:: Work item ::
Leaving all pictures aside, copy exactly the lines from the start of the listing below through the line that contains "เดวิด ออนสตีน เจ้าพ่อจากเดอะ", and only those lines.

:: Data section ::
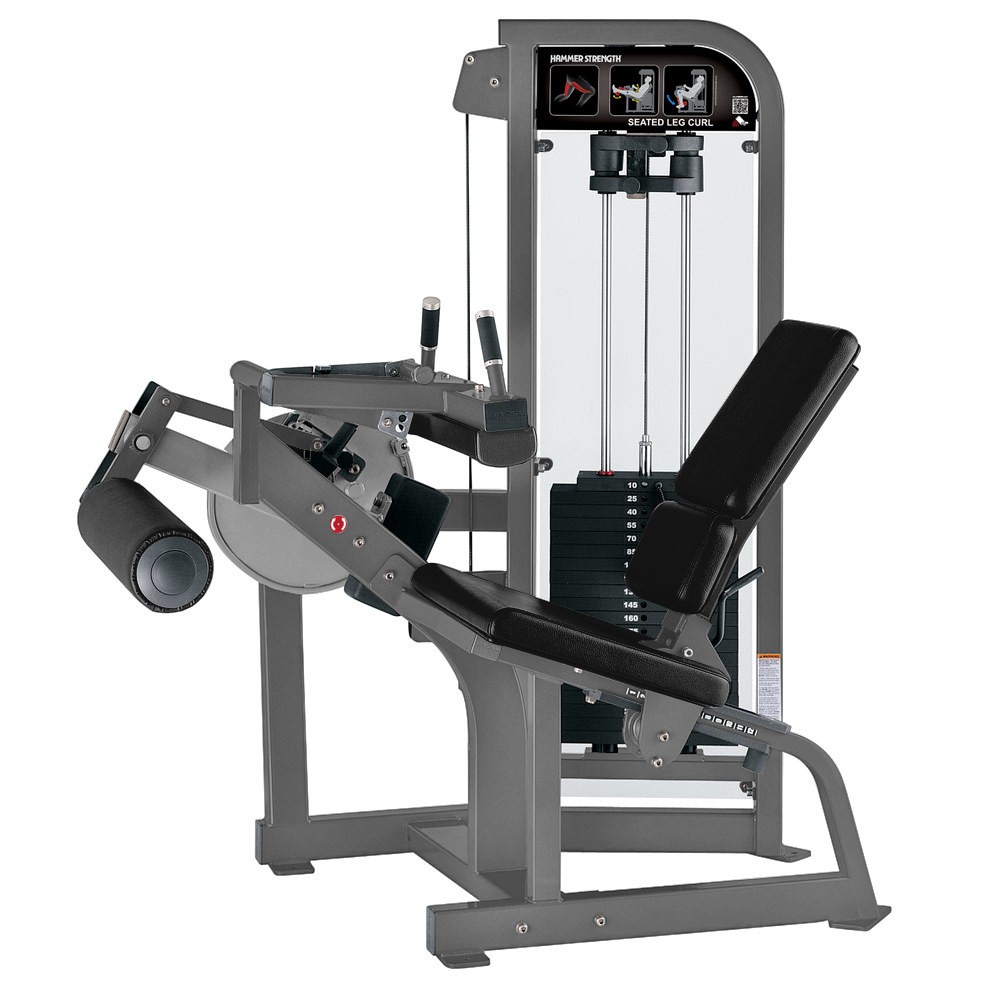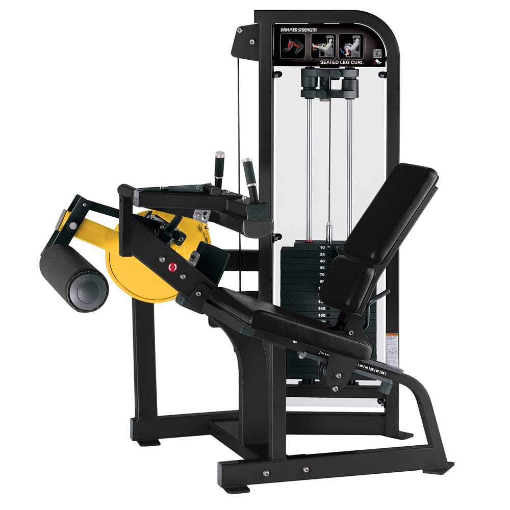 The Hammer Fitness Strength Select Seated Leg Curl is a fundamental part of the strength training progression. Adjustable back and thigh pads for better alignment and stabilisation, and adjustable start position provides five different starting points. The 22 pieces in the Hammer Gyms Strength Select line provide an inviting introduction to Hammer Gyms Strength equipment.
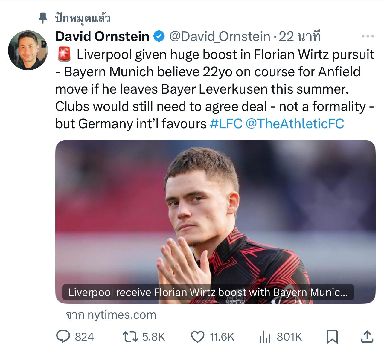 เดวิด ออนสตีน เจ้าพ่อจากเดอะ แอธเลติก รายงานว่า วงในของบาเยิร์น มิวนิค เชื่อว่าฟลอเรียน เวียร์ตช์ จะเลือกลิเวอร์พูลเป็นเป้าหมายถัดไปหากย้ายทีม มากกว่าที่จะเป็นเสือใต้
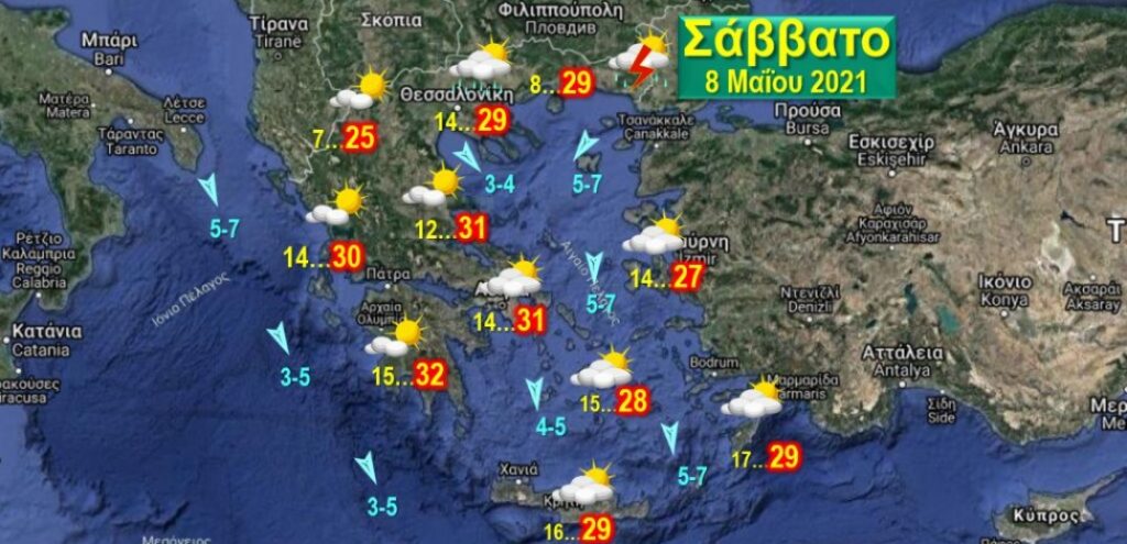 Άνεμοι: Σταδιακά θα ενισχυθούν, στο Ιόνιο Βοριάδες, στο Αιγαίο Βορειοανατολικοί 5-7 Μποφόρ. Θερμοκρασίες: Στη βόρεια χώρα από 5 έως 29, στο Ιόνιο, τη δυτική, κεντρική και νότια χώρα από 12 έως 32, στο βόρειο και ανατολικό Αιγαίο από 14 έως 27, στις Κυκλάδες, την Κρήτη και τα Δωδεκάνησα από 15 έως 29 βαθμούς.
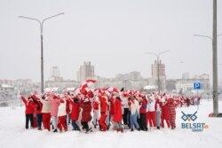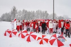 Каля 300 чалавек з розных раёнаў Менска станцавалі 9 студзеня на сьнезе ў бел-чырвона-белых касьцюмах са сьцягамі раёнаў, стужкамі і парасонамі.

:: Reply ::
 The Hammer Fitness Strength Select Seated Leg Curl is a fundamental part of the strength training progression. Adjustable back and thigh pads for better alignment and stabilisation, and adjustable start position provides five different starting points. The 22 pieces in the Hammer Gyms Strength Select line provide an inviting introduction to Hammer Gyms Strength equipment.
 เดวิด ออนสตีน เจ้าพ่อจากเดอะ แอธเลติก รายงานว่า วงในของบาเยิร์น มิวนิค เชื่อว่าฟลอเรียน เวียร์ตช์ จะเลือกลิเวอร์พูลเป็นเป้าหมายถัดไปหากย้ายทีม มากกว่าที่จะเป็นเสือใต้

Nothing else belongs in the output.